New media can be hard to explain. Often when I’m talking to credit unions or credit union leagues about podcasting, they think about podcasting in terms of an instructional seminar. It’s not. But there are plenty of things that are. Wikipedia, that reasonably accurate new media resource, helps us define podcasts versus webinars.
In essence, for webinars and web conferencing, think seminars and meetings. For podcasts, think radio and episodic content on whatever you want to listen to. Webinars and web conferencing are about conveying hard information, usually that you pay for, in real time. Although, sometimes you can buy recordings of webinars that you can listen to at your leisure. Podcasts can be informative or entertaining or both. Almost all of them are free. Podcasts are never live.
The most important point that I want to make is that podcasting doesn’t compete with webinars and web conferencing. Podcasting competes with radio. People listen to webinars and web conferences like they would listen in the classroom. People listen to podcasts in their cars or while relaxing. In podcasting there’s no live interaction.
That being said, and to muddy the water, some professors are putting their college lectures out as podcasts. This greatly helps students who miss a lecture. The episodic nature of the lecture series works as a limited run podcast. In the same manner, if you gave a series of webinars on a topic and then put them out on iTunes as a podcast series later, it would blur the line more. At that point, you could turn a webinar into a podcast, but you can’t truly turn a podcast into a webinar.

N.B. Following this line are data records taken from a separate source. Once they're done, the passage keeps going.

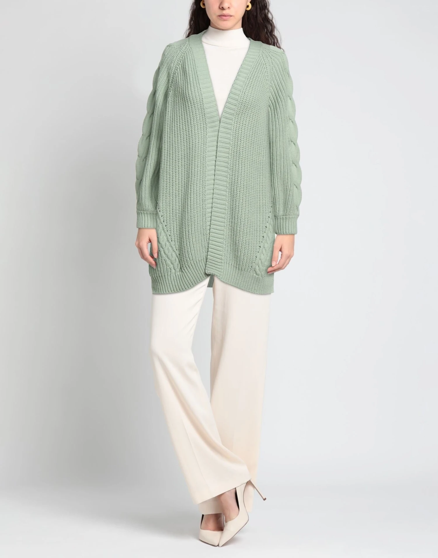 knitted, medium-weight knit, brand logo, solid color, deep neckline, long sleeves, no pockets
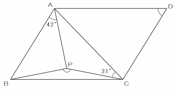 次の図のように、角BAP=42度、角ACP=31度、AP=BP=CPとなる平行四辺形ABCDがあります。このとき、次の角の大きさを求めなさい。
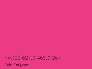 Yxy 22.627,0.463,0.26 Color is a normal rose color and the nearest color is Cerise Pink #ec3b83. Hex code #ec3b84 and RGB value is rgb(236,59,132). In RGB color space, this color is composed of 93% red, 23% green, 52% blue, In CMYK color space, this color is composed of 0% cyan, 75% magenta, 44% yellow , 7% black , In HSL color space, this color has a hue angle of 335° , 82% saturation and 58% lightness.
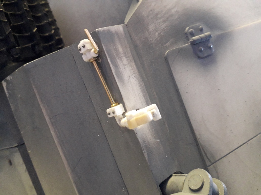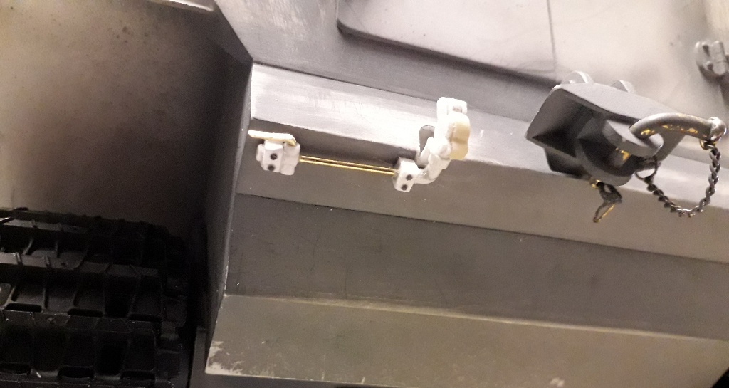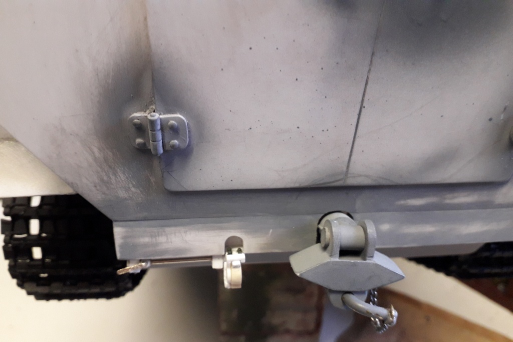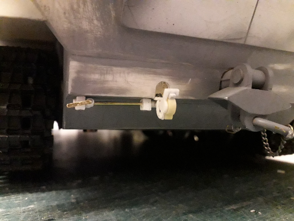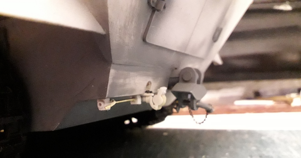 Pneumatic brake linkage now with mounting points and clasps and bolt heads fitted to rear and underside of the hull.
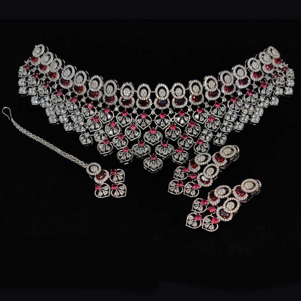American Diamond Choker Necklace Set Silver Plated 12091292DP Elegant Fine Jewelry
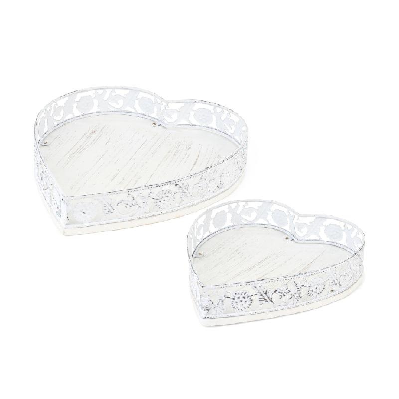 Set 2 vassoi a cuore in legno e metallo bianco
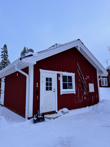 Stuga nära bykärnan, längdskidspår och skoterspår, 2 km till skidanläggningen.

So why are we bothering with such semantics? It is an important distinction because if a vendor that sells seminars to credit unions thinks of podcasting in the same manner as it thinks about giving seminars, podcasting seems to be undesirable. Think about it: if part of your business model is to charge a fee for something (the webinar), then giving that information away for free doesn’t much help. Once you understand the difference between webinars and podcasts, you can see that this isn’t the case at all, however. The live interaction involved with the webinar and the real time streaming of that information is what creates the instructional value for which people are willing to pay (if the content is good). Podcasting, then, can complement and promote more in depth material to be given later in a webinar or a live seminar.